Monday, December 25, 2017

G. N. M. - 14, 15




- 14 -
Our little group went home before sunset. As I said I would always rather sleep in my own bed.
When we returned next day to the ongoing feast two facts were repeated over and over.
Jesus had left. Jesus had turned water into wine.
“Who is this Jesus?” I asked Mary and Martha.
“That handsome young rabbi you saw yesterday. They were using a fondness or nickname of Manny.”
“I had wanted to see this guy again. I would have like to talk to him. I was curious. Few men these days had what I interpreted in him as having a natural charisma.
It only took a few minutes for a half dozen versions of the story of a miracle to be repeated a dozen different ways.
After we had left the previous day the wine had run out. This was not a good thing at a long planned feast. Jesus ordered servants to fill empty wine jars with water. The water came out of the jars as wine.
Today the host of the feast was being complemented by some with the remark about the host saving and serving the best wine for the end of the feast. That sounded like sarcasm to me.
Of course I have heard of watering down wine and even an old wine jar being full of sentiment mixed with water for a miserable cup of whatever. When served with this miracle wine, it tasted first rate to me.
In a place with so many party attendees coming and going and with everyone already half drunk from a day of feasting, I discounted stories about miracles. I would have to see in order to believe.
It would not be the first time a holy man had pulled a con to get attention, respect and money. I would have to wait and see about the whole matter. Sounded like a good trick if that is what it was.
Sitting there on the final day of the feast, I directed questions to whomever I met about this Jesus person.
Apparently there was a whole group here connected with Jesus. He seemed to have an assortment of brothers, sisters, nieces, nephews and a mother.
After I had focused on this Manny the previous day, I saw him briefly talking to an older woman. I had since identified this older woman as being his mother.
From my previous day’s thoughts I remembered seeing the interface between this Jesus and his mother. I had made a mental note. Their body language to me had said that Jesus was talking to a former nanny or a favorite auntie. He was not being formal to this woman and I have seen men treat their mothers with great formality in public in this land.
In fact, today, the man James identified to me as Jesus’ older brother was treating this mother figure in a very formal manner this day. James was using his finger to reinforce verbal communication to this mother figure. He seemed more like a man who had the duty to have this woman in his care. One felt that he did not like this responsibility.

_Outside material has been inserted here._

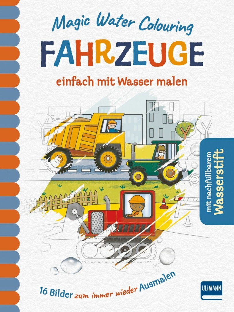 Lass wie durch Zauberhand bunte Bilder von Fahrzeugen entstehen. Fülle den Stift mit Wasser und streiche mit der Spitze über die magischen Seiten. Schon erstrahlen die Bilder in leuchtenden Farben. Und das Beste: die 16 Bilder können immer und immer wieder bemalt werden. Einfach die Motive trocknen lassen und erneut mit Wasser einfärben. Zusätzlich mit 18 Motiven zum Ausmalen und Platz zum Zeichnen eigener Motive.

Jesus and his attitude toward his mother was more like the role of friend and confidant. I had this relationship with my own son whom I sorely missed.
Next day I arose with a purpose. I got into my cart and decided to go somewhere.
Mary and Martha were likely to be part of the crowd. They had told me that after these shindigs like a wedding, a large unofficial gathering would take place out in the hills near the farm.
Local rabbis and preachers had their chance to take part in a sort of religious revival happening.
All through the many cults of the land there was a need and a hunger for a national unity. There was great dissatisfaction in those areas controlled by Herod, the Roman puppet king. Some of the other areas had prospered under the Roman rule but only for the Romans and not the natives. Roman rule promoted trade over road and sea lanes protected from bandits and pirates.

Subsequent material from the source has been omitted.